> _Data excerpts_:
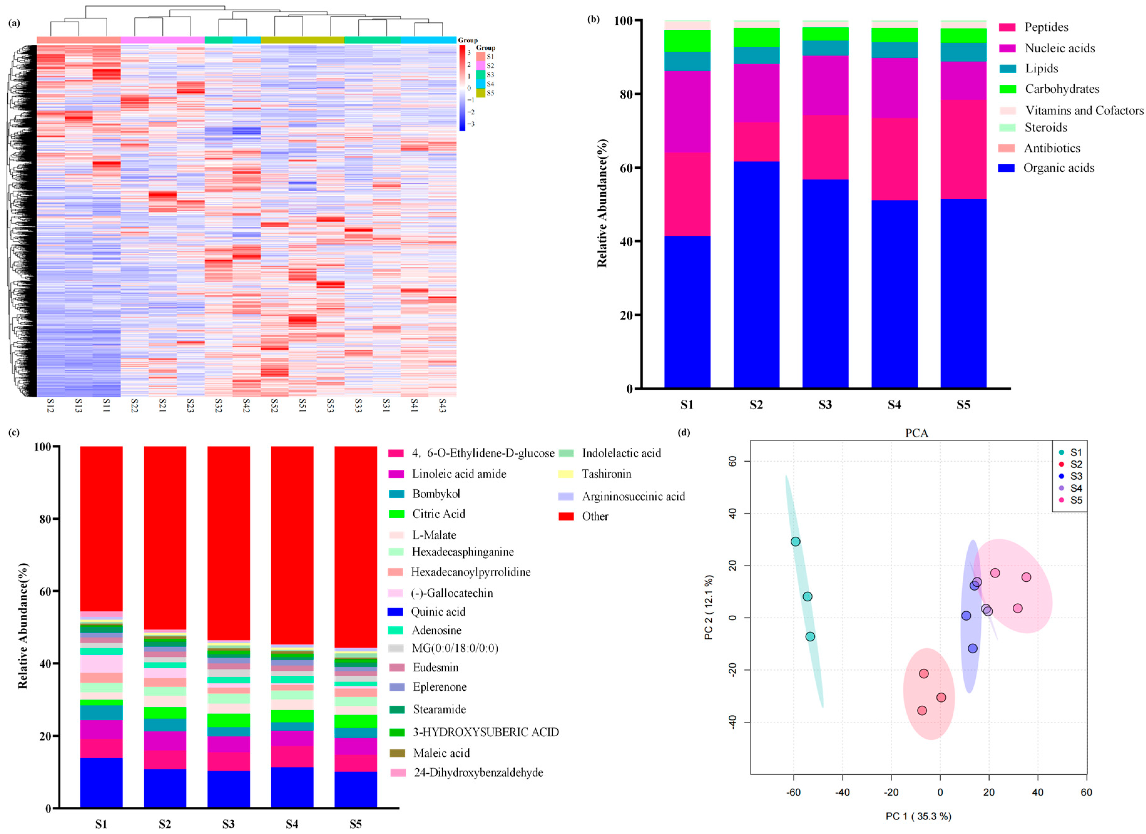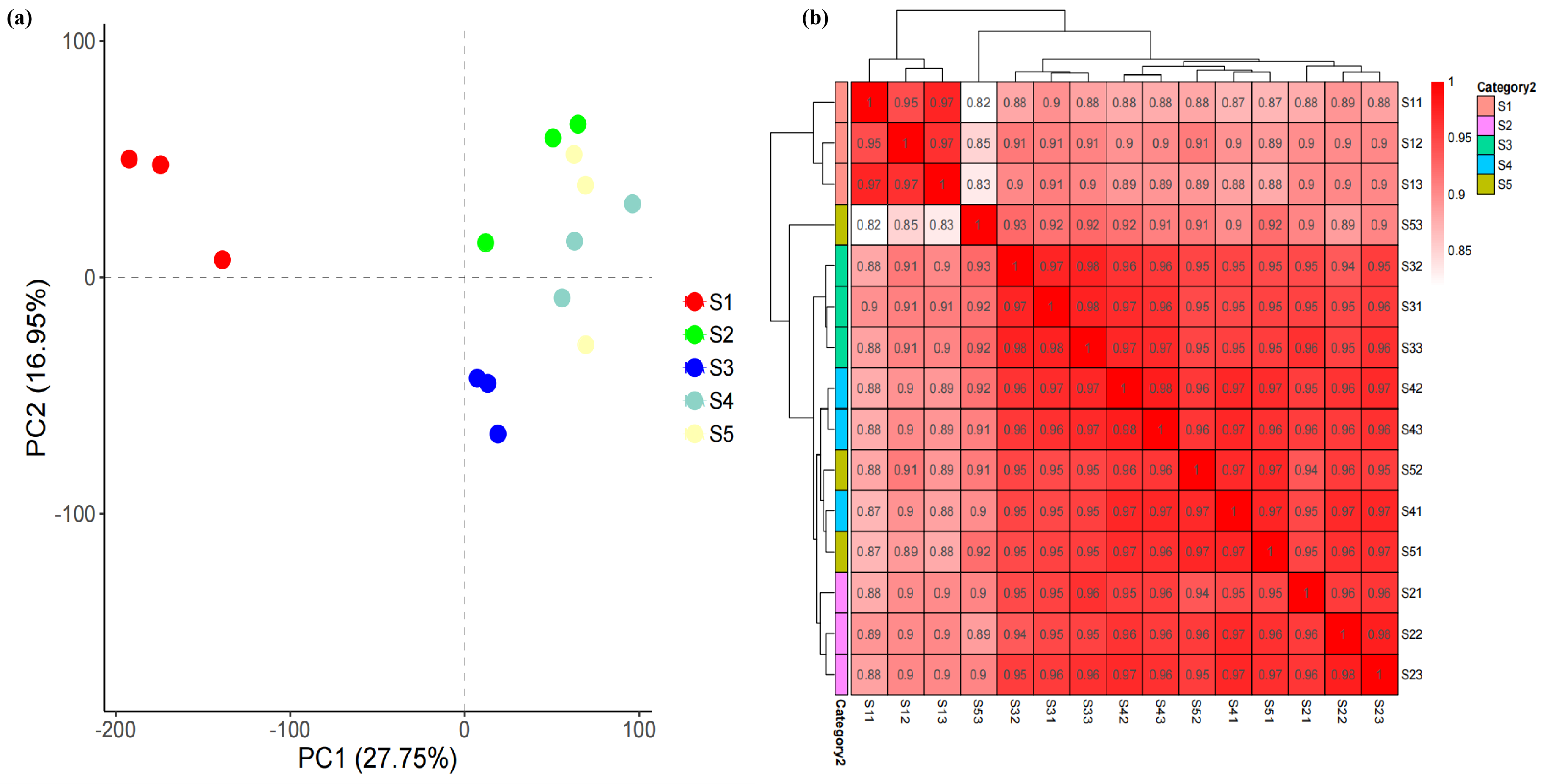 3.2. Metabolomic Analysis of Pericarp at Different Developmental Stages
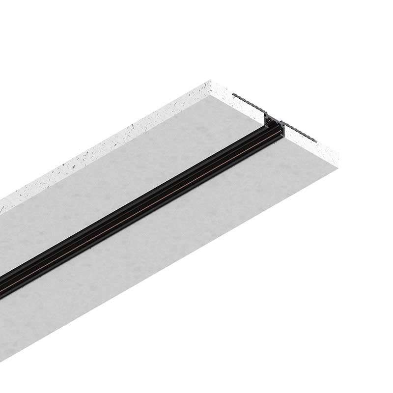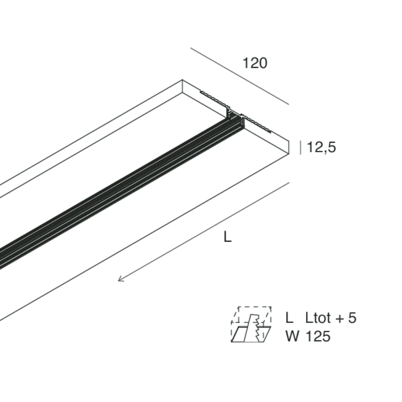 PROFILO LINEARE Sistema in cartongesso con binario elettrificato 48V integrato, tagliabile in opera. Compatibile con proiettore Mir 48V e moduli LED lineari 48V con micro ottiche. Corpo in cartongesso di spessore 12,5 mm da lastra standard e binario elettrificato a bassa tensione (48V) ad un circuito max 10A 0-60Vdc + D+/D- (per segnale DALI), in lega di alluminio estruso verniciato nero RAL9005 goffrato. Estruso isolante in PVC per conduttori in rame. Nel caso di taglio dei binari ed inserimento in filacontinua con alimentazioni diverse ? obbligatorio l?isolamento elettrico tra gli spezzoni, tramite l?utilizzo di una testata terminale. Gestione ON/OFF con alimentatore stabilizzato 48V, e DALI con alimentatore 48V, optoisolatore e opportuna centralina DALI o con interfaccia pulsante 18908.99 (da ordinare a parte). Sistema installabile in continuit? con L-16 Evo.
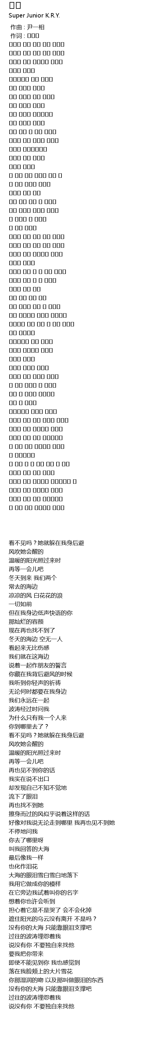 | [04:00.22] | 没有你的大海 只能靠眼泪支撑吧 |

--

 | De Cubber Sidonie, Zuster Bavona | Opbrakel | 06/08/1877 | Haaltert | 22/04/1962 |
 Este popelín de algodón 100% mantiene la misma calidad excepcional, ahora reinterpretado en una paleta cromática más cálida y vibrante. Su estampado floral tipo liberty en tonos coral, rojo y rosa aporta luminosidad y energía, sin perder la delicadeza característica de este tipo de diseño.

> _Task instructions_:
From the listing above, return the lines starting at the one with "Haaltert | 22/04/1962 |" and ending at the one with "Este popelín de", both kept, exactly as they appear and nothing more.

> _Expected answer_:
 | De Cubber Sidonie, Zuster Bavona | Opbrakel | 06/08/1877 | Haaltert | 22/04/1962 |
 Este popelín de algodón 100% mantiene la misma calidad excepcional, ahora reinterpretado en una paleta cromática más cálida y vibrante. Su estampado floral tipo liberty en tonos coral, rojo y rosa aporta luminosidad y energía, sin perder la delicadeza característica de este tipo de diseño.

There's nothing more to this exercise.